Roger Willemsen-Nachlass in der Akademie der Künste
Roger Willemsen im Dokumentarfilm »Michel Petrucciani – Leben gegen die Zeit« (2011)
Er war in erster Linie Schriftsteller (davon zeugen über dreißig Bücher), vielen bekannt allerdings eher als Moderator von Fernsehsendungen wie »Willemsens Woche« oder »0137«. Diese Reihe mit langen Gesprächen, ausgestrahlt auf dem Bezahlfernsehsender Premiere (heute Sky), aber frei empfangbar, machte ihn ab 1991 einem größeren Publikum bekannt, die Bandbreite reichte von Audrey Hepburn zu Jassir Arafat und im Gefängnis sitzenden Mitgliedern der Rote Armee Fraktion.
Später erweiterte er seine Moderatorentätigkeit auch auf Radiosendungen und Bühnenauftritte. Empathie und Neugier, seine einfühlsame Gesprächsführung und seine rhetorische Begabung machten den 2016 verstorbenen Roger Willemsen zu einer herausragenden Persönlichkeit – ein workaholic, der Honorare und Preisgelder immer wieder für humanitäre Zwecke spendete und sich selber engagierte, für die Gefangenen von Guantanamo und immer wieder für Afghanistan.

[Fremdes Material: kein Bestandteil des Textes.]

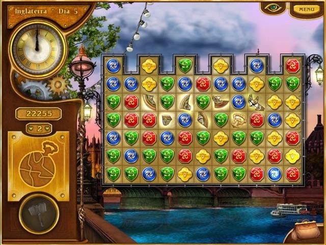Los tableros de este juego de conectar 3 són de gran belleza visual y de ritmo apacible. El juego esta muy bien adaptado, paso a paso a la gran novela de Julio Verne, donde cada inprevisto lo podremos solucionar con un puzzle de match 3 y según en el lugar del mundo donde estemos, irán cambiando los fondos de cada tablero, así como la música y demás elementos. Además con la descarga del juego Bigfish Games te regala un exlusivo protector de pantalla con el que podrás tener las imagenes más espectaculares del juego en el escritorio de tu ordenador.
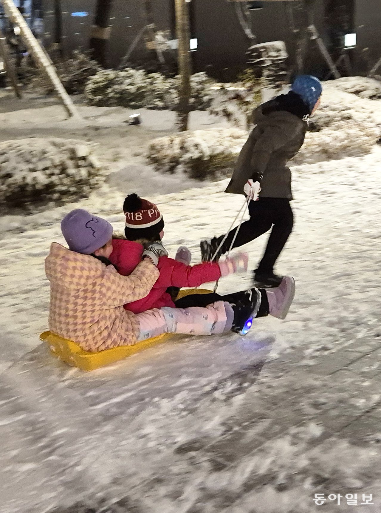 눈 쌓인 길 위에서 아이가 있는 힘껏 썰매를 끕니다. 친구들을 태운 채 달리는 골목이 겨울밤의 놀이터가 됐습니다.

Jetzt hat die Akademie der Künste in Berlin seinen Nachlass übernommen und würdigte dies mit einer Veranstaltung, bei der Freund*innen und Weggefährt*innen zu Wort kamen. Gleichzeitig konnte man an diesem Abend in drei Vitrinen erstmals einige Objekte aus dem Nachlass sehen. Darunter befand sich ein Heft, in dem er zu seiner Studienzeit systematisch Notizen über deutsche Schriftsteller gemacht hatte, aber auch ein »Traumtagebuch 18.12.1973-15.5.91«. Insgesamt 108 Archivkisten, 152 Aktenordner und 2.250 audiovisuelle Materialien umfasst die Sammlung, die von der Nachlassverwalterin, der Literaturkritikerin Insa Wilke, übergeben wurde – ein lesenswertes Gespräch mit ihr dazu findet sich auf der website der AdK.
Auch für den Bereich Film ist diese Sammlung nicht ohne Bedeutung. Ich denke dabei weniger an den Film »Valerie«, 1991 von Josef Rusnak mit Franka Potente nach seinem Roman »Kleine Lichter« inszeniert, als an seine eigenen Arbeiten, angefangen mit den für »0137« geführten Interviews (das mit Audrey Hepburn soll ihr letztes Fernsehinterview sein), über die zahlreichen Gäste aus diesem Bereich bei »Willemsens Woche« oder den Porträts von Robert Altman und John Malkovich, die er für »Willemsens Zeitgenossen« drehte. Als Autor und Regisseur würdigte er in seinem Dokumentarfilm »Non Stop – Eine Reise mit Michel Petrucciani« (1996) den befreundeten Pianisten und war als Mitproduzent und Gesprächspartner an einem weiteren Dokumentarfilm über ihn beteiligt (»Michel Petrucciani – Leben gegen die Zeit«, 2011; R: Michael Radford). Nicht zu vergessen: die ausführlichen Gespräche, die er 2001 mit Wim Wenders für eine Werkausgabe von dessen Filmen auf DVD führte. Die audiovisuellen Beiträge liegen in den verschiedensten Formaten vor, wie es auf Nachfrage hieß, glücklicherweise besitzt die Akademie noch die entsprechenden Abspielgeräte, so für Betacam-Cassetten. Da Roger Willemsens eigene Produktionsfirma Noa-Noa einen nicht geringen Teil seiner Sendungen produzierte, liegen diese Beiträge auch als Masterbänder vor. Auf die Erschließung darf man sich also freuen.